‘Zero chance’ of another Rwanda flight until Britain’s new PM is appointed in September – despite all leading Tory candidates backing deportation policy
Die Huis kantoor has insisted it is in the process of planning the next flight to the East African nation but has not provided a possible departure date.
Egter, government officials speaking anonymously said there is ‘no chance’ of any plane leaving before the next PM comes to office in early September.

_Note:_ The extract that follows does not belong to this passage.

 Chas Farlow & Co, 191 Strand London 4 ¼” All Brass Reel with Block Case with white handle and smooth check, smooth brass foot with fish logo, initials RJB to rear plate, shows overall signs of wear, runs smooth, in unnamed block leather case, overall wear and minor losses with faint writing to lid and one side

The first deportation flight – due to take off in June – was grounded amid legal challenges
Trying to deport any migrants to Rwanda before then would cause too much controversy during the leadership battle, the sources told Die tye.
Polling shows three in four voters who backed the Konserwatiewes in the last election support the policy, terwyl net 10 per cent oppose it.

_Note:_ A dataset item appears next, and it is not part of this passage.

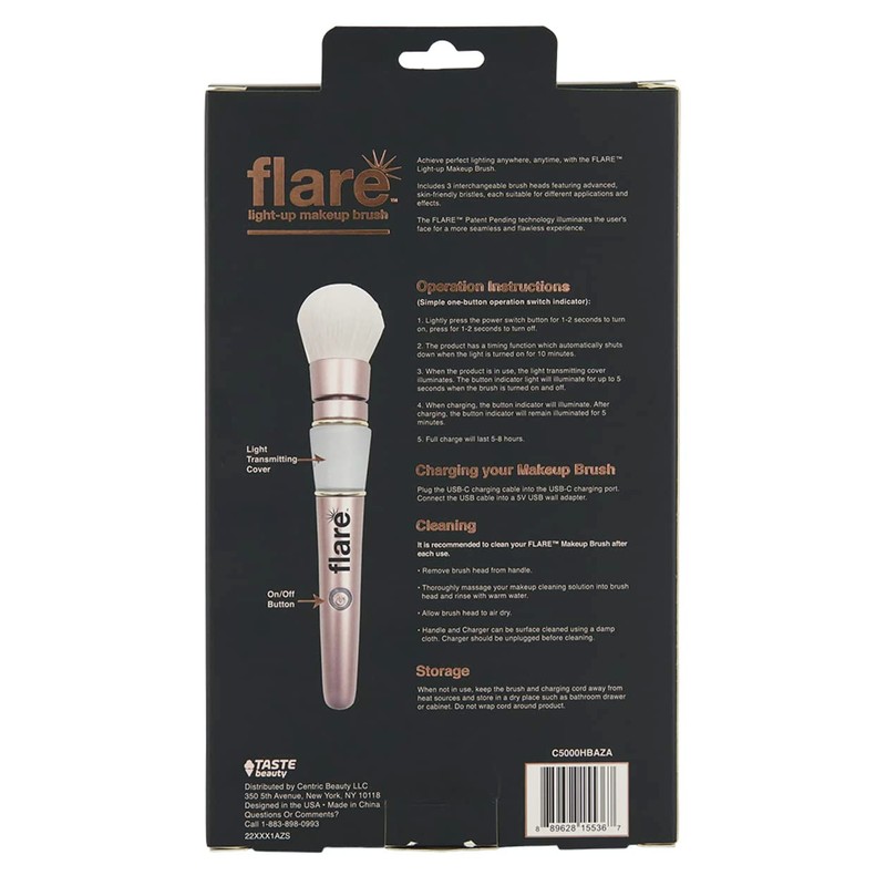 Taste Beauty Flare LED Light-Up Makeup Brush, 3 Interchangeable Heads, USB-C Charger, and Travel Bag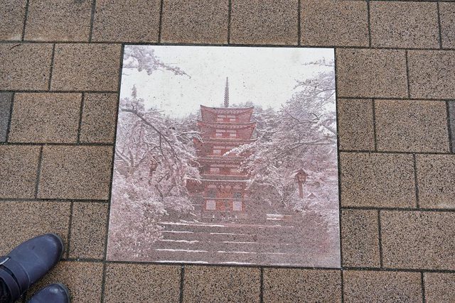 然後到了日川時計店很多人會拍富士山的地方 想說雖然沒得看但都來了還是要拍一下XD 不過就連富士山沒露臉還是看到有人站在馬路上拍 路是有弧度的所以站在人行道上就可以拍了

Rishi Sunak confirmed on Sunday he would continue with the deportations after rivals pointed out he had not revealed his view since launching his leadership campaign on Friday.

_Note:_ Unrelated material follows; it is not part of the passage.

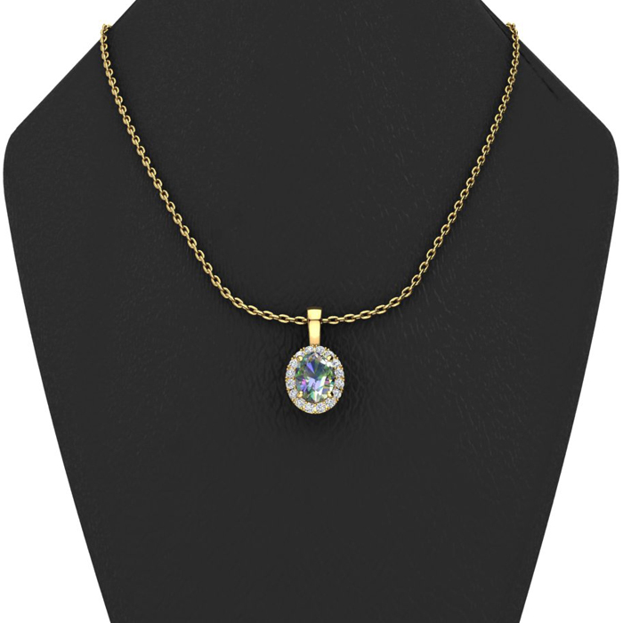 1-1/2 Carat Oval Shape Mystic Topaz Necklace With Diamond Halo In 14 Karat Yellow Gold, 18 Inches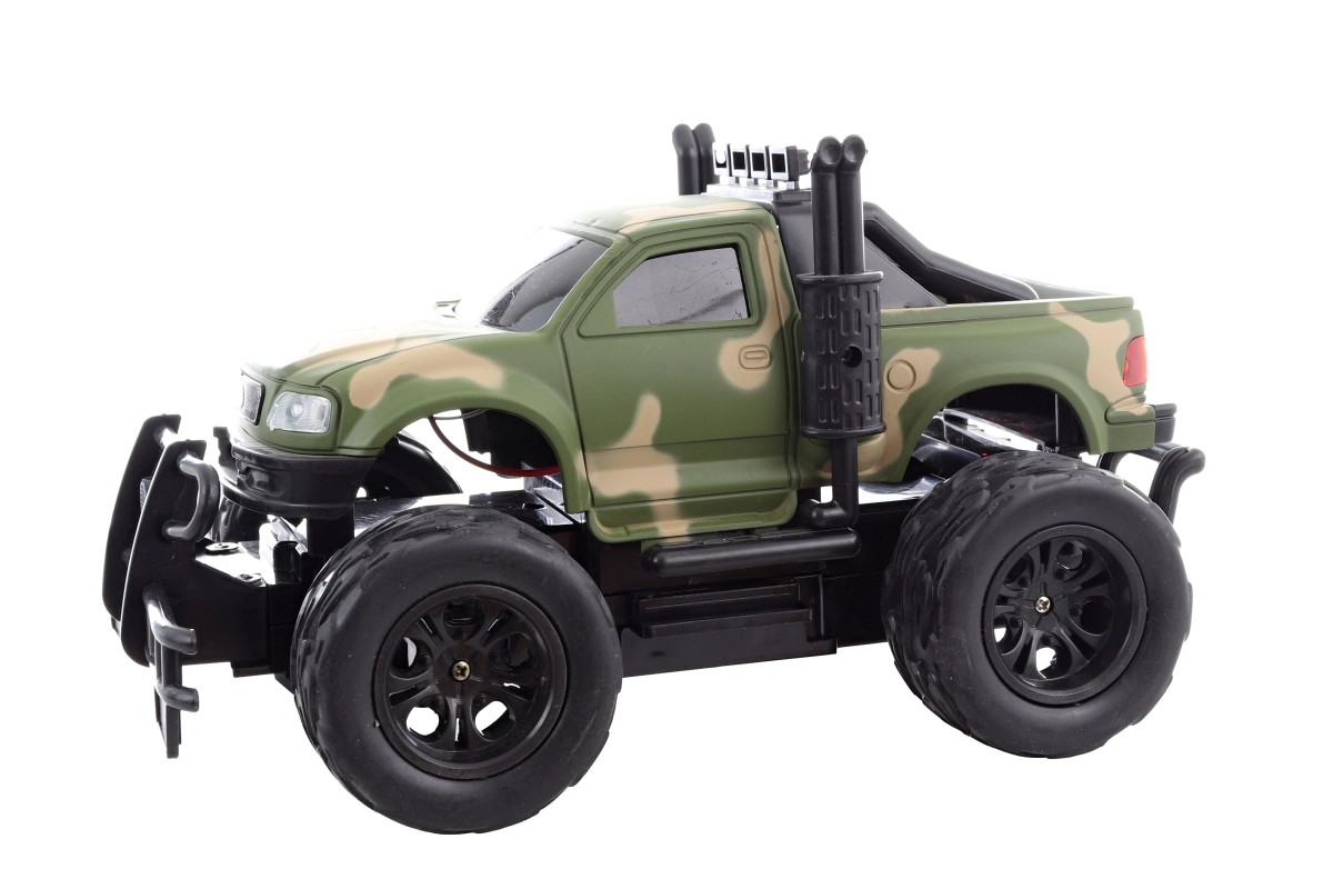 Robusztus, álcázott zöld karosszéria, megemelt rugózás és óriási gumiabroncsok a kisebb egyenetlenségek és a szőnyeg könnyű leküzdéséhez.

A spokesman for the former Chancellor told die tye: ‘Rishi signed off and funded the Asylum Partnership Agreement with Rwanda, and now he just wants to make sure that it works.
‘Rishi is proud to be from a family of immigrants but believes that the UK must have control of its borders.’
Intussen, Gemeenskap in – seen as a centrist candidate – has even pledged to expand the programme to other nations.
‘I hope we could find some other countries as well as Rwanda,’ Mr Hunt told the Sunday Telegraph.
He also told Sky News: ‘I do but we’ve got to make it work and I’m not convinced it is working at the moment.
‘But we have to be honest that migration has become massively more mobile over recent years in a globalised world and therefore if we want to become a humane country that offers a safe haven for people who genuinely need asylum, then we need to find legal safe routes for people to come here and not a mad dash for people to put their lives in the hands of people smugglers and try and get across the Channel.’
Op Vrydag, Downing Street confirmed the Home Office agreement with Rwanda remained despite Boris Johnson’s resignation and suggested the first deportation flight could be made before a legal challenge against the policy is heard on July 19.
Die premier se amptelike woordvoerder het gesê: ‘This is a pre-agreed Government policy.
‘Convention doesn’t prevent or preclude government from seeking to fulfil that policy and that would include defending cases in court as required.’
In April Home Secretary Priti Patel signed what she branded a ‘world-first’ agreement to send migrants deemed to have arrived in the UK illegally to Rwanda.
The first deportation flight – due to take off in June – was grounded amid legal challenges.
Steve Valdez-Symonds, from Amnesty International UK, has urged the Government to rethink the ‘disastrous plan’, claiming it was ‘irresponsible and callous’, toevoeging: ‘The UK Government is so far removed from reality and lacking in humanity that they are not only destroying the asylum system but also people’s lives.’
No more flights will be attempted until Boris Johnson (op die foto) leaves office, bronne gesê
A Home Office spokesman said: ‘The government will not be deterred as we plan for the next flight to Rwanda. We will keep individuals detained where appropriate and if released on bail we may seek to tag them if appropriate.’
Meer as 400 migrants arrived in the UK yesterday after crossing the Channel.
Die Ministerie van Verdediging (MoD) gesê 442 people made the journey in 15 bote, suggesting an average of around 29 per boat.
Among them were several young children, including one seen clutching a cuddly toy.
It is the highest daily total since 444 were recorded on June 14, and is the fifth time this year that the figure has topped 400.
April 13 remains the highest figure so far in 2022, met 651.
Crossings continued on Tuesday, with large numbers of people expected to arrive on the Kent coast.
Sommige 13,749 people have made the crossing so far this year after navigating busy shipping lanes from France in small boats such as dinghies, provisional Government figures show.